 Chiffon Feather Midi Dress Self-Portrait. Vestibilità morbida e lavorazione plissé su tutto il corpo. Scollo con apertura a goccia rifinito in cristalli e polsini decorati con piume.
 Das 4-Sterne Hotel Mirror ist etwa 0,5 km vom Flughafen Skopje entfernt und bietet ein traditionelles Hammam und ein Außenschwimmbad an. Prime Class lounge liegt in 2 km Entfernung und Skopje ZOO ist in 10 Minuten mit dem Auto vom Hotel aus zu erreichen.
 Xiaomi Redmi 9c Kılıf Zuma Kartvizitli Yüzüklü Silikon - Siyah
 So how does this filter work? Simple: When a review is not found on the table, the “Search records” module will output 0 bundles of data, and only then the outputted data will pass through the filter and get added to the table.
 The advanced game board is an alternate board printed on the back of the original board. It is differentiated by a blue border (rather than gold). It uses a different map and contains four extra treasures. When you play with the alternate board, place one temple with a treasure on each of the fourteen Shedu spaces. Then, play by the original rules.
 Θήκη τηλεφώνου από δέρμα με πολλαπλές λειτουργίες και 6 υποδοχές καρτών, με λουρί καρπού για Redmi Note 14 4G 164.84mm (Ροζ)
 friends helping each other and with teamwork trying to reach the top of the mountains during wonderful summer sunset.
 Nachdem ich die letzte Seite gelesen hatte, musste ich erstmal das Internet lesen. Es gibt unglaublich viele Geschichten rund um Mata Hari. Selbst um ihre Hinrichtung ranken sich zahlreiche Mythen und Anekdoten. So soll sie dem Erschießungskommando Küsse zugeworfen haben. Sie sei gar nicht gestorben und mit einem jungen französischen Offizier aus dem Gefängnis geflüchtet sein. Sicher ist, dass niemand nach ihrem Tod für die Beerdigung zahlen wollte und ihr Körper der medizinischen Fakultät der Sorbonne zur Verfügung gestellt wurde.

────────────────

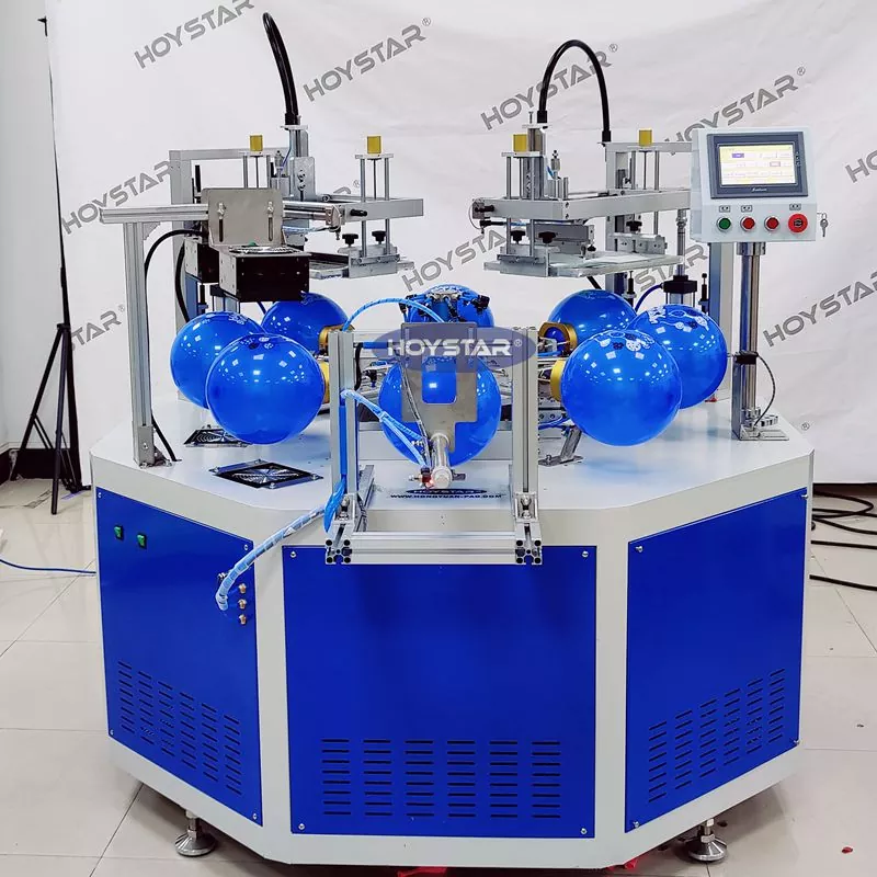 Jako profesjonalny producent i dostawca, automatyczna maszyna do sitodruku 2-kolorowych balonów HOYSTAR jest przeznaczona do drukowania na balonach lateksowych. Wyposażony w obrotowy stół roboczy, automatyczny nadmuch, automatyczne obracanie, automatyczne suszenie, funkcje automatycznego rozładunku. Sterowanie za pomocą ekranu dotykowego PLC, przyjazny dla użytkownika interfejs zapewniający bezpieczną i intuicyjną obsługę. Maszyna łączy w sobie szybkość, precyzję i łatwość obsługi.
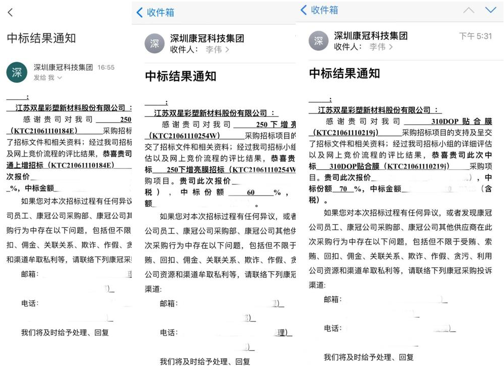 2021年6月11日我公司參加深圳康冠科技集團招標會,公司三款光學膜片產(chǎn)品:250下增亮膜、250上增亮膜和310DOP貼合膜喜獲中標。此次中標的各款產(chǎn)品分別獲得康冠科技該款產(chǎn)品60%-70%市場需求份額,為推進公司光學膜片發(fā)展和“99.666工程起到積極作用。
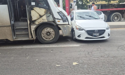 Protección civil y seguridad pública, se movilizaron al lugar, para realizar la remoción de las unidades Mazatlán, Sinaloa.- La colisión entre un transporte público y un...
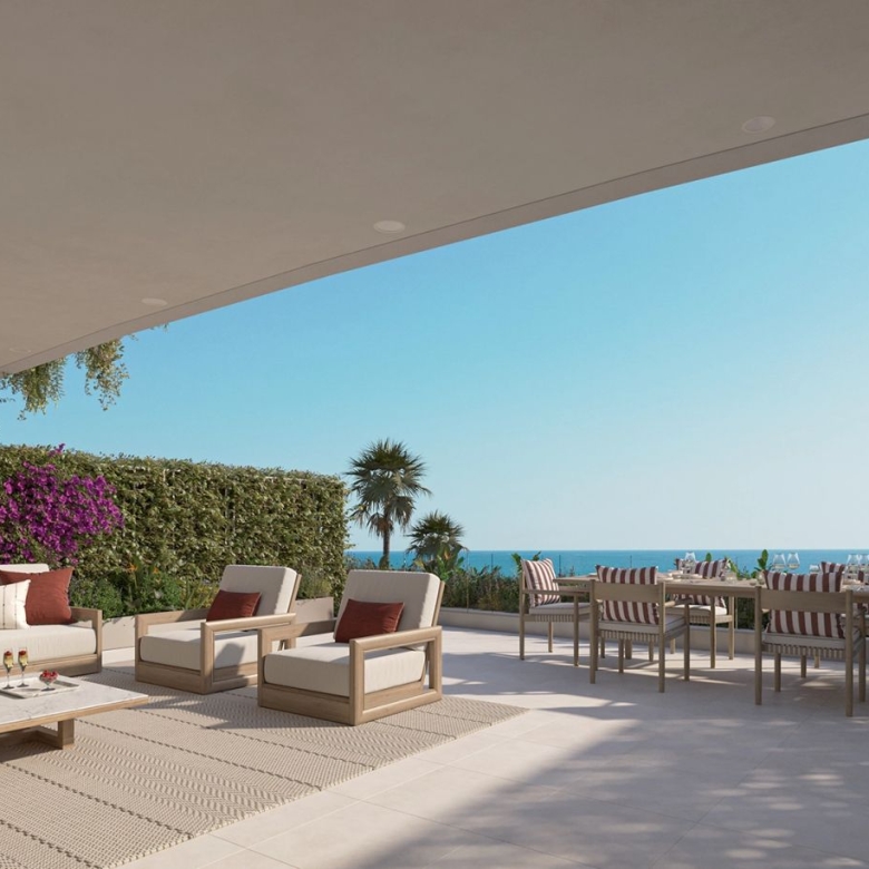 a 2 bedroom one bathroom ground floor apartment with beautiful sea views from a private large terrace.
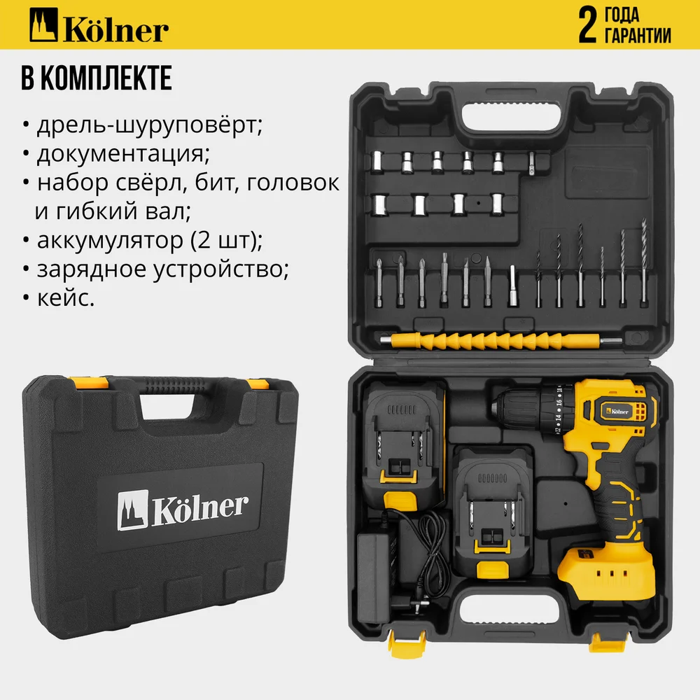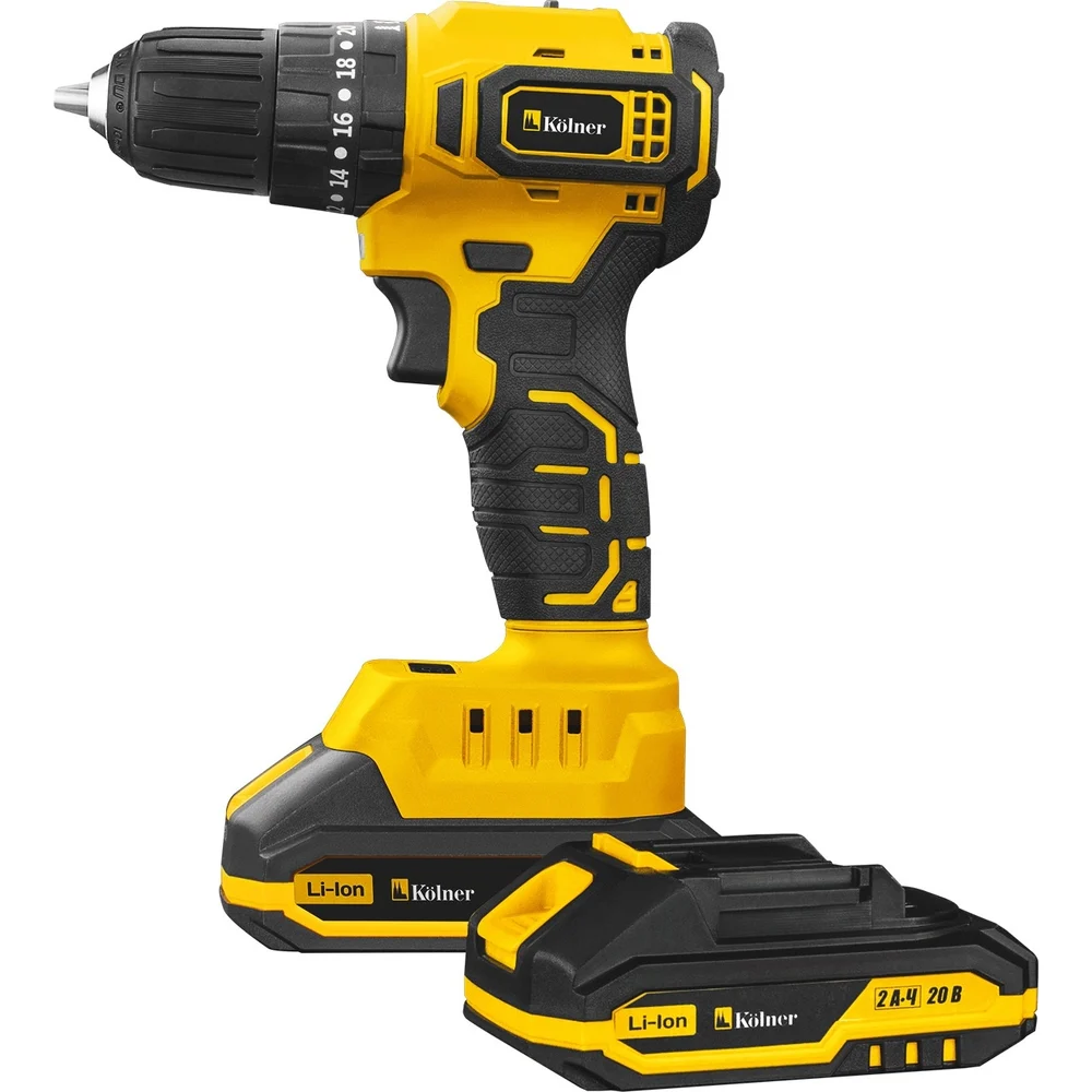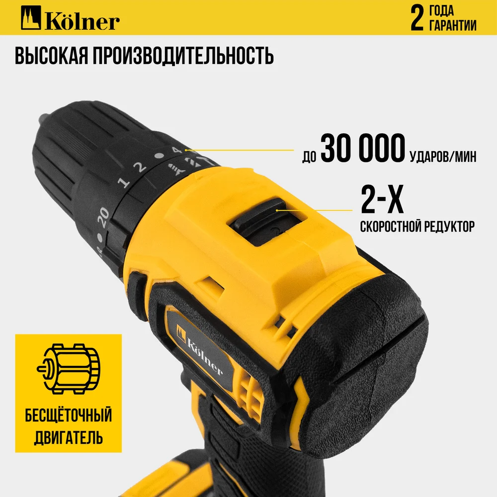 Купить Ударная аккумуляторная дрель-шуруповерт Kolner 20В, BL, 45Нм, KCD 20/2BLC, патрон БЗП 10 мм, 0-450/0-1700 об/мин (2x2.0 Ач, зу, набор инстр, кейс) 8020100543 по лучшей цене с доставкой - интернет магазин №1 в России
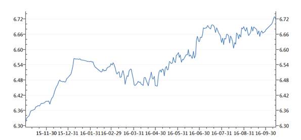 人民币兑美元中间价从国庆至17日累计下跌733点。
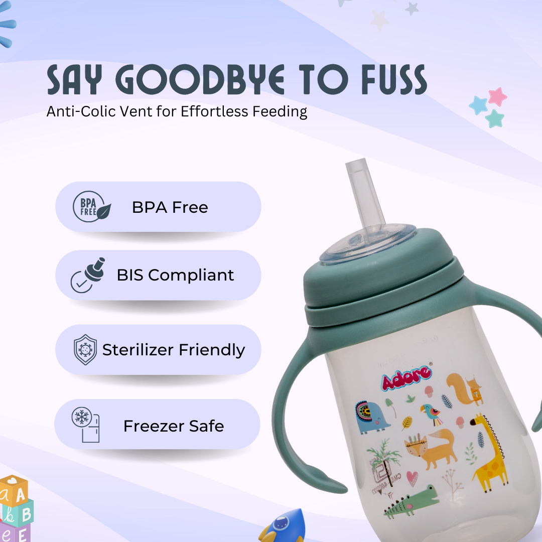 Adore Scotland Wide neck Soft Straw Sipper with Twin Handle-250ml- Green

────────────────

▶ Required action: In the entries above, find the line with "Protección civil y" and the line with "a 2 bedroom". Return exactly those lines and all the ones between them, pictures excluded.

▶ Exercise output:
 Protección civil y seguridad pública, se movilizaron al lugar, para realizar la remoción de las unidades Mazatlán, Sinaloa.- La colisión entre un transporte público y un...
 a 2 bedroom one bathroom ground floor apartment with beautiful sea views from a private large terrace.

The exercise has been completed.